Neuf heures sonnèrent. Est-ce que Pierre, si exact, l’aurait oubliée ? On lui parlait maintenant de la procession aux flambeaux, qu’elle verrait d’un bout à l’autre, si elle partait tout de suite. Chaque soir, les cérémonies finissaient par une procession pareille ; mais celle du dimanche était toujours la plus belle, et l’on annonçait que la procession de ce soir-là serait d’une splendeur extraordinaire, comme rarement on en voyait. Près de trente mille pèlerins devaient défiler, un cierge à la main. Les merveilles nocturnes du ciel allaient s’ouvrir, les étoiles descendraient sur la terre. Et les malades se plaignaient, quelle tristesse d’être cloué sur un lit, de ne rien voir de ces prodiges !

— Ma chère fille, vint dire madame de Jonquière, voici votre père et monsieur l’abbé.

Marie, radieuse, oublia son attente.

— Oh ! Pierre, je vous en supplie, dépêchons-nous, dépêchons-nous !

Ils la descendirent, le prêtre s’attela au petit chariot, qui roula doucement sous le ciel criblé d’étoiles, tandis que M. de Guersaint marchait à côté.
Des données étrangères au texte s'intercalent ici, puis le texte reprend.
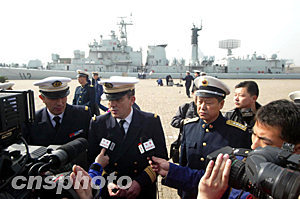 來訪的法國海軍艦艇編隊將于16日與中國海軍“哈爾濱”號導彈驅逐艦、“洪澤湖”號綜合補給艦以及“海豚”艦載直升機在青島附近的黃海海域進行非傳統(tǒng)安全領域的聯合演習。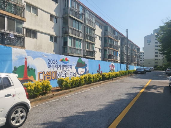 ![]() 여수 르네상스 시민운동 중앙동 실천본부가 최근 고소아파트 담장을 섬박람회 캐릭터 ‘다섬이’로 새단장했다. |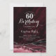 Borgonha e prata agatam 60º convite de aniversário. Elegante design moderno, com vinho de marsala, cor vermelha escura, fundo geode de mármore agate, prata brilhante falso e letra tipografia. Trendy convida o cartão perfeito para uma comemoração de dia das mulheres na moda. Impressos convites Zazzle ou modelo de impressão digital instantânea para download.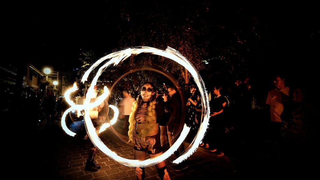 Artistas urbanos que danzan al ritmo de fuego, juegos pirotécnicos y una batucada conformada por percusionistas exaltarán el ánimo de quienes se sumen a la fiesta andante que recorrerá las calles del Centro Histórico en compañía de una imponente y mítica catrina.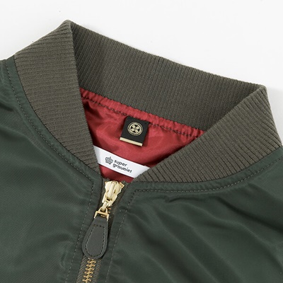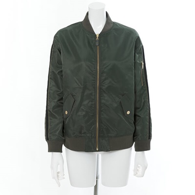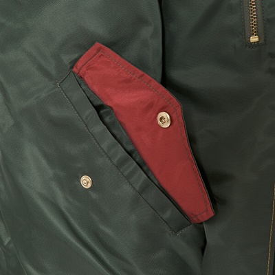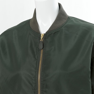 カジュアルな雰囲気のあるゆったりとした着心地のMA-1。服装をイメージしたカラーリングに、ブラックのラインとゴールドのステッチがポイント。

C’était une nuit sans lune, admirablement belle, un velours d’un bleu sombre, piqué de diamants ; et la douceur de l’air était exquise, un bain tiède d’air pur, embaumé par l’odeur des montagnes. Beaucoup de pèlerins se pressaient dans la rue, marchant tous vers la Grotte ; mais la foule restait discrète, un flot humain recueilli, n’ayant plus la badauderie foraine de la journée. Et, dès le plateau de la Merlasse, les ténèbres s’élargissaient, on entrait sous le ciel immense, dans le lac d’ombre des pelouses et des grands arbres, d’où l’on ne voyait se dresser, à gauche, que la flèche mince et pâle de la Basilique.